_What you are asked to do_: Reproduce the opening lines of the listing below exactly, stopping after the line that contains "Каждый пирожок смазать" and leaving out any pictures.

++++++++

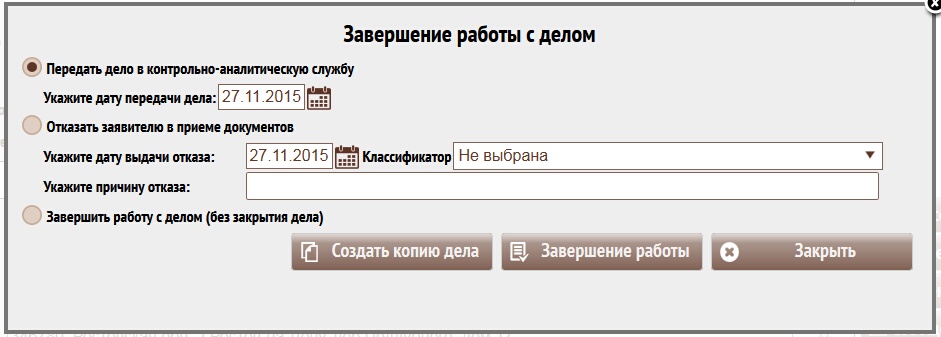 при этом есть выбор действий, необходимых в данный момент, передать дело на исполнение в КАС, отказать заявителю в принятии документов, с указанием аргументированной причины, например, из-за отсутствия полного пакета необходимых документов, или временно завершить работу с делом (без закрытия дела).
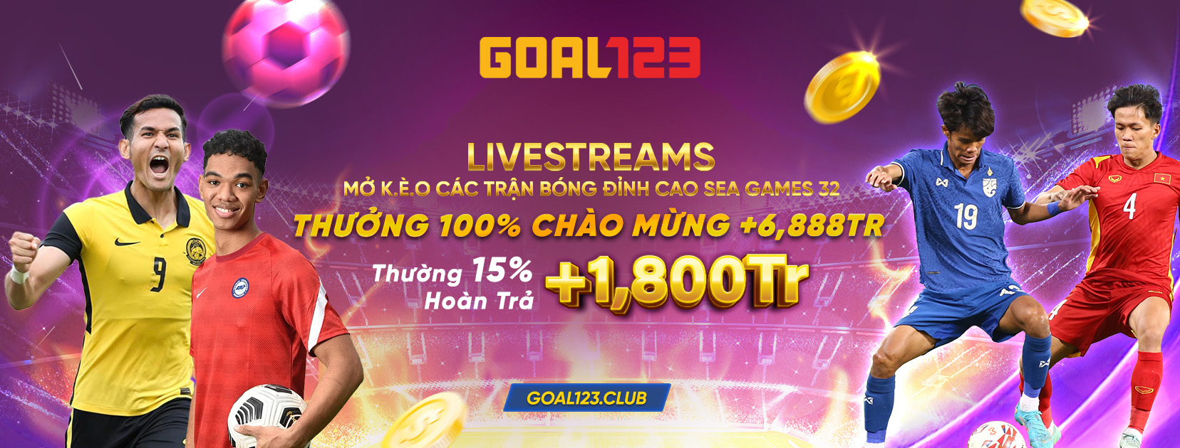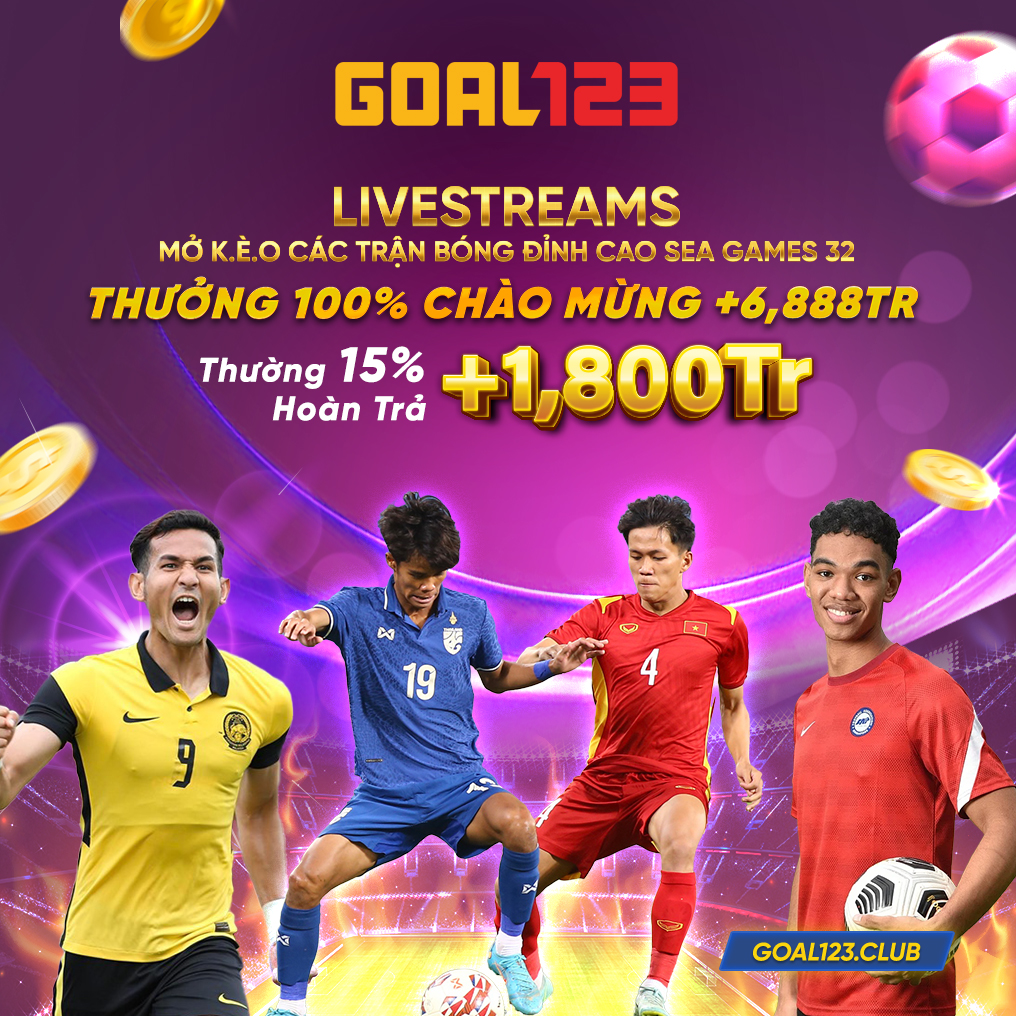LIVESTREAMS SEA GAMES cùng GOAL123 MỞ KÈO CÁC TRẬN BÓNG ĐỈNH CAO mang lại bầu không khí sôi động nhất của SEA GAME 32, hòa mình vào sự háo hức đáng mong đợi và nhận lấy tiền thưởng CHÀO MỪNG lên đến 6,888TrGOAL123 dành tặng bạn. Lưu ý , GOAL123 ưu đãi thêm tiền thưởng 15% Hoàn trả +1,800Tr
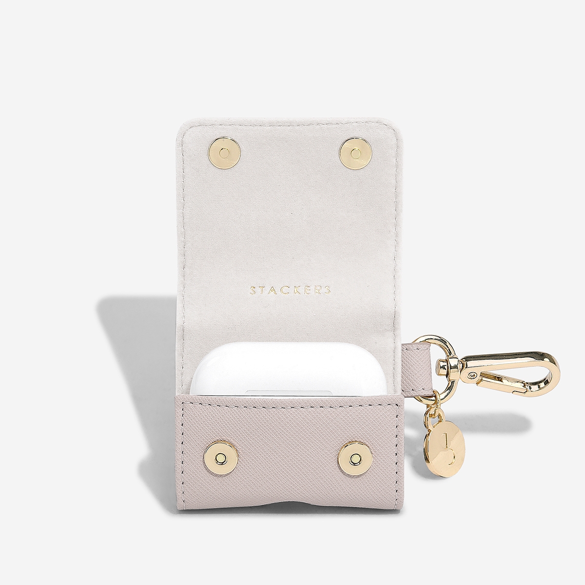Smart lille case fra Stackers til opbevaring af dit airpod etui, så det har en fast plads i tasken og mulighed for at clipse det fast
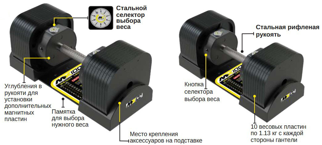 Гантели наборные MX SELECT Evo MX100 (рифленая стальная рукоять)
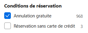 En plus de tous ces filtres, vous pourrez également choisir une tranche de prix (par nuit ou pour le séjour complet)
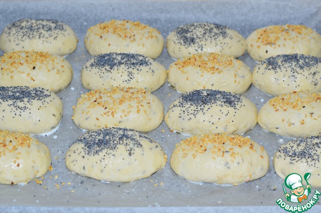 Каждый пирожок смазать молоком, посыпать маком или кунжутом (по вашему желанию).
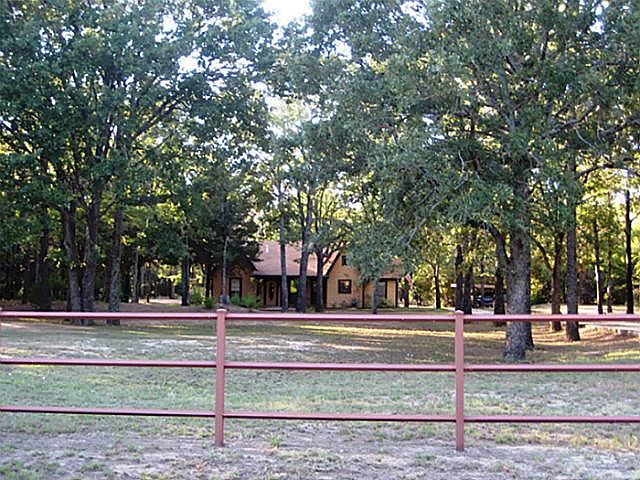 QUIET & SECLUDED get-a-way nestled among the towering oaks & only 35 minutes from Dallas.Updated kitchen, granite c-tops,spacious living area with wood burning stove, split bedrooms. Master suite with w-i-c, dble sinks, jetted tub & separate shower. Great outdoor living. Manicured property with lighting & water in various locations. Electric gate, pipe fencing, 30x30 shop with overhead door, electric, water, RV parking & even a potting shed.
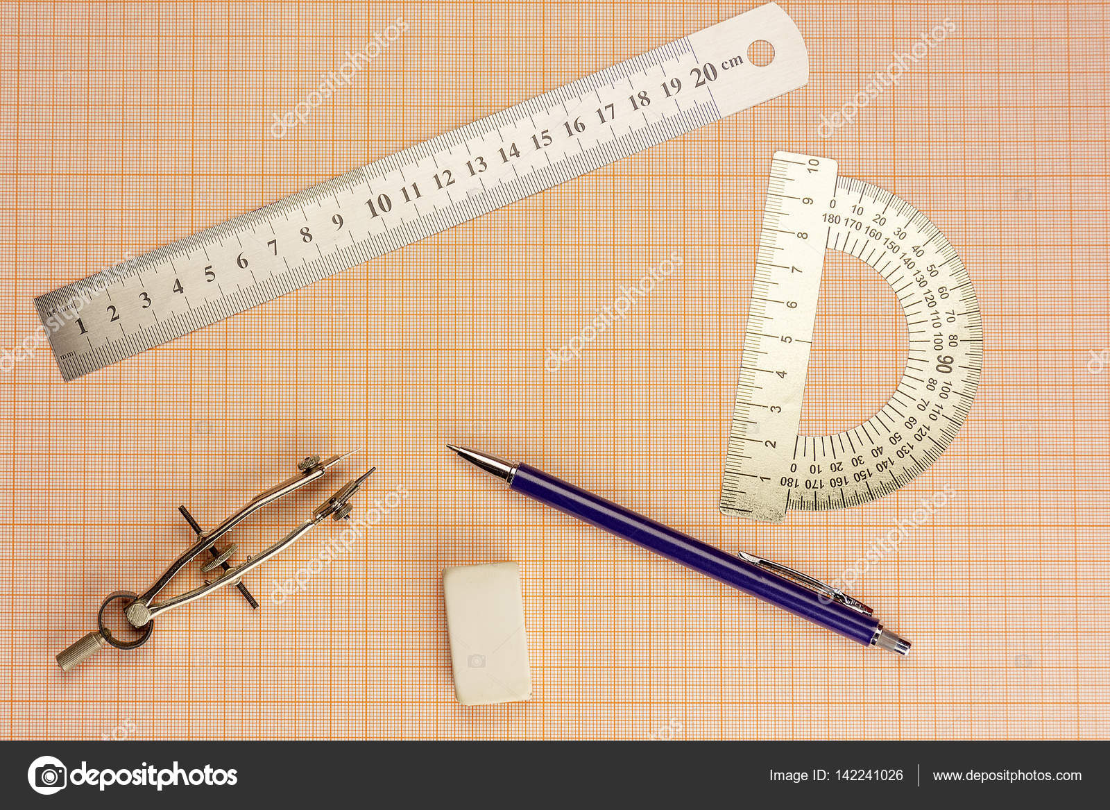 Compasso Matita Righello Disegno Carta Millimetrata Foto - Download

++++++++

_Output of the exercise_:
 при этом есть выбор действий, необходимых в данный момент, передать дело на исполнение в КАС, отказать заявителю в принятии документов, с указанием аргументированной причины, например, из-за отсутствия полного пакета необходимых документов, или временно завершить работу с делом (без закрытия дела).
LIVESTREAMS SEA GAMES cùng GOAL123 MỞ KÈO CÁC TRẬN BÓNG ĐỈNH CAO mang lại bầu không khí sôi động nhất của SEA GAME 32, hòa mình vào sự háo hức đáng mong đợi và nhận lấy tiền thưởng CHÀO MỪNG lên đến 6,888TrGOAL123 dành tặng bạn. Lưu ý , GOAL123 ưu đãi thêm tiền thưởng 15% Hoàn trả +1,800Tr
Smart lille case fra Stackers til opbevaring af dit airpod etui, så det har en fast plads i tasken og mulighed for at clipse det fast
 Гантели наборные MX SELECT Evo MX100 (рифленая стальная рукоять)
 En plus de tous ces filtres, vous pourrez également choisir une tranche de prix (par nuit ou pour le séjour complet)
 Каждый пирожок смазать молоком, посыпать маком или кунжутом (по вашему желанию).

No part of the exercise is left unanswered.